• **Work order**: Transcribe exactly the lines below that begin at the line with "Ответы к §16." and stop after the line with "2、进入到官网后,我们就可以", leaving out every picture.

• **Material to process**:
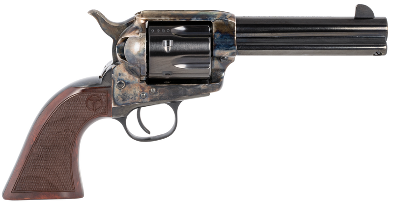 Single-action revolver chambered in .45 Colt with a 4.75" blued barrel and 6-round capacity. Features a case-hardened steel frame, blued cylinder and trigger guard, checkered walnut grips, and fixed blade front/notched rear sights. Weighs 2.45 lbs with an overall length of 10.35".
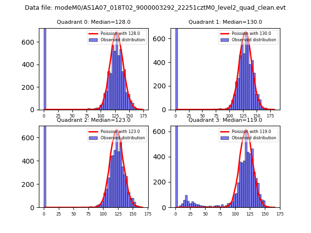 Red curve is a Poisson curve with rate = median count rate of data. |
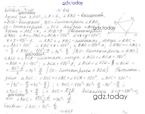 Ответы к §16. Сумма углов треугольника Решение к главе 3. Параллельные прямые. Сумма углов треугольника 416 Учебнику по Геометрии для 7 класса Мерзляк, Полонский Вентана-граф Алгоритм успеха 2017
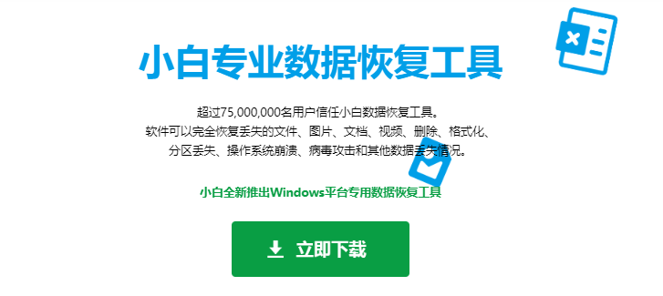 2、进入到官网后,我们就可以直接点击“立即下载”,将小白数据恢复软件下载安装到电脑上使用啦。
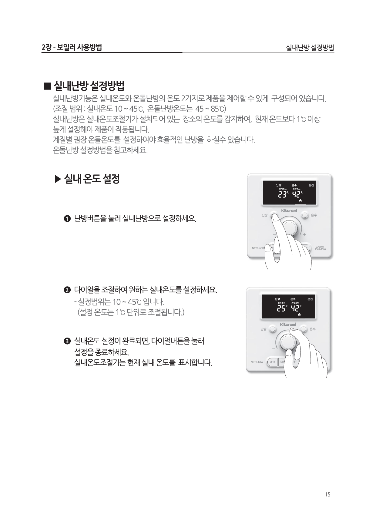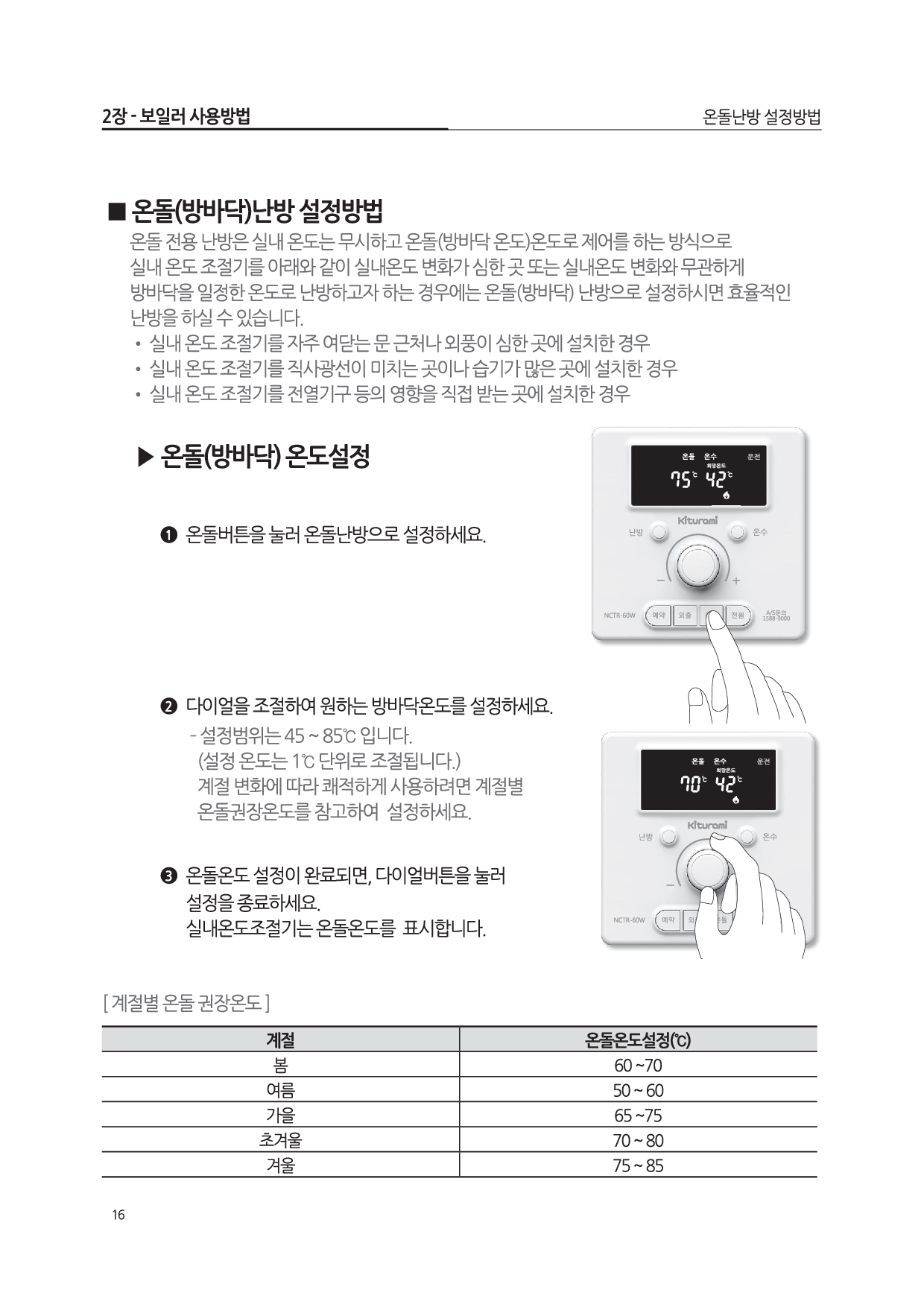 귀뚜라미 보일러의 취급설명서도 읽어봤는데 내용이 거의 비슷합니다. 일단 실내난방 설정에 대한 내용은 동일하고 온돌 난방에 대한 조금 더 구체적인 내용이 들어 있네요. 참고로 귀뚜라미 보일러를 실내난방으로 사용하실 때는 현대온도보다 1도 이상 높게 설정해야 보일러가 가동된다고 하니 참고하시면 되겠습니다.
* * *
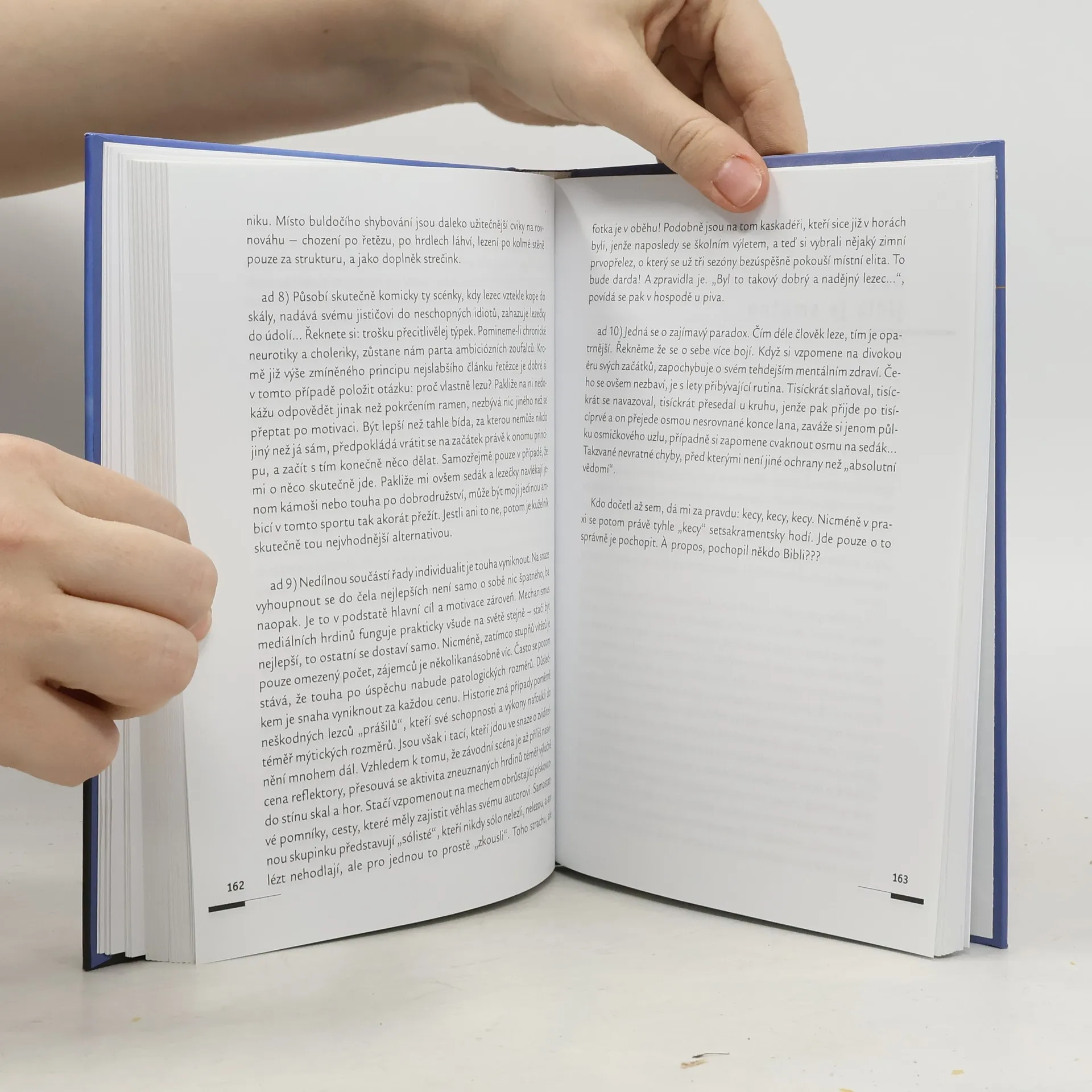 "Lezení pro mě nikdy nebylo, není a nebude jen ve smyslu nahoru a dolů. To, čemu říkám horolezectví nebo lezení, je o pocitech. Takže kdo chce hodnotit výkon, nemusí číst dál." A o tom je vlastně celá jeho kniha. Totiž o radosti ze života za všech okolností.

• **Finished task**:
 Ответы к §16. Сумма углов треугольника Решение к главе 3. Параллельные прямые. Сумма углов треугольника 416 Учебнику по Геометрии для 7 класса Мерзляк, Полонский Вентана-граф Алгоритм успеха 2017
 2、进入到官网后,我们就可以直接点击“立即下载”,将小白数据恢复软件下载安装到电脑上使用啦。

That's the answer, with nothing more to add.